Deemed a renewable material source, mass timber includes nail laminated timber (NLT), dowel laminated timber (DLT), cross laminated timber (CLT) and mass plywood panel (MPP), which received APA – The Engineered Wood Association certification last summer.

“10 years ago, nobody was really talking mass timber,” notes Michael Dupras, Associate in DCI’s Austin office, “but we’ve been championing its use and benefits for some time.”

He notes several DCI projects, including what will be the first completed commercial structures in Oklahoma and Texas that used 100% engineered mass timber products as the structure framing. The new First United Bank in Fredericksburg, Texas, incorporates southern pine CLT in the diaphragm and roof systems – another first in the country.

NLT was also used throughout the roof and floor systems of The Bullitt Center, the country’s first Living Building Challenge project back in 2013, with all wood having been sourced from sustainable forestry practices.

Currently, steel and concrete structures are the only options for buildings over 85 feet.
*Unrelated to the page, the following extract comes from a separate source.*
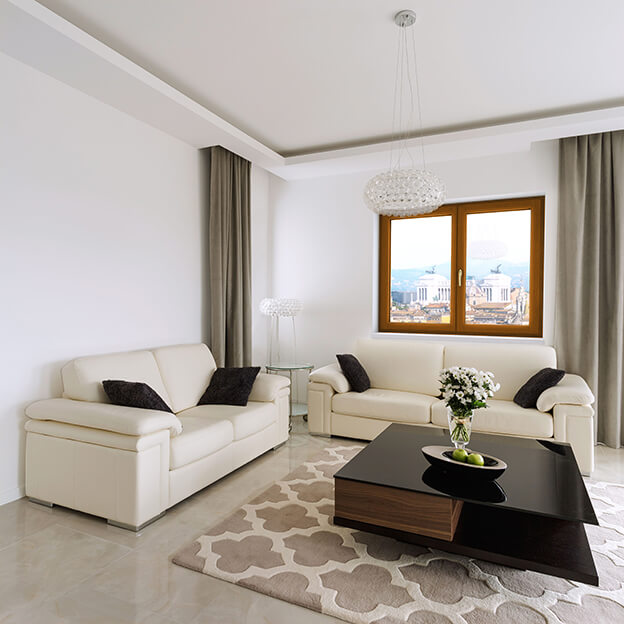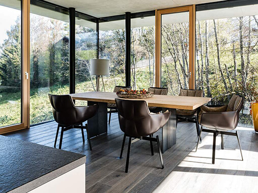 Drewno nadaje wnętrzu przytulnego charakteru, sprawiając, że emanuje ono ciepłem i klasyczną elegancją. Okna w kolorze złotego dębu doskonale współgrają z drewnianymi meblami, a najlepiej z drewnem ciemnym. Złoty dąb sprawdzi się także we wnętrzach z drewnianą podłogą. Ponadto można go dopasować do drzwi drewnianych lub elementów wykończeniowych sofy, krzeseł i foteli. W klasycznych wnętrzach obok mebli z drewna często umieszcza się duże skórzane kanapy, z którymi złoty dąb tworzy fantastyczny duet.

However, as Dean Lewis, Associate in DCI’s San Francisco office, points out, “these new code provisions will open up the playbook for developers, architects, and engineers to apply wood as a possible solution.”

 

Requirements of New Construction Types

In contrast to traditional Type IV construction (now referred to as Type IV-HT), mass timber used in new construction Types IV-A requires additional fire protection to achieve fire rating equivalency to Type I-A. New construction Types IV-B and IV-C also require additional fire protection to achieve fire rating equivalency to Type I-B, as illustrated in the summary table below.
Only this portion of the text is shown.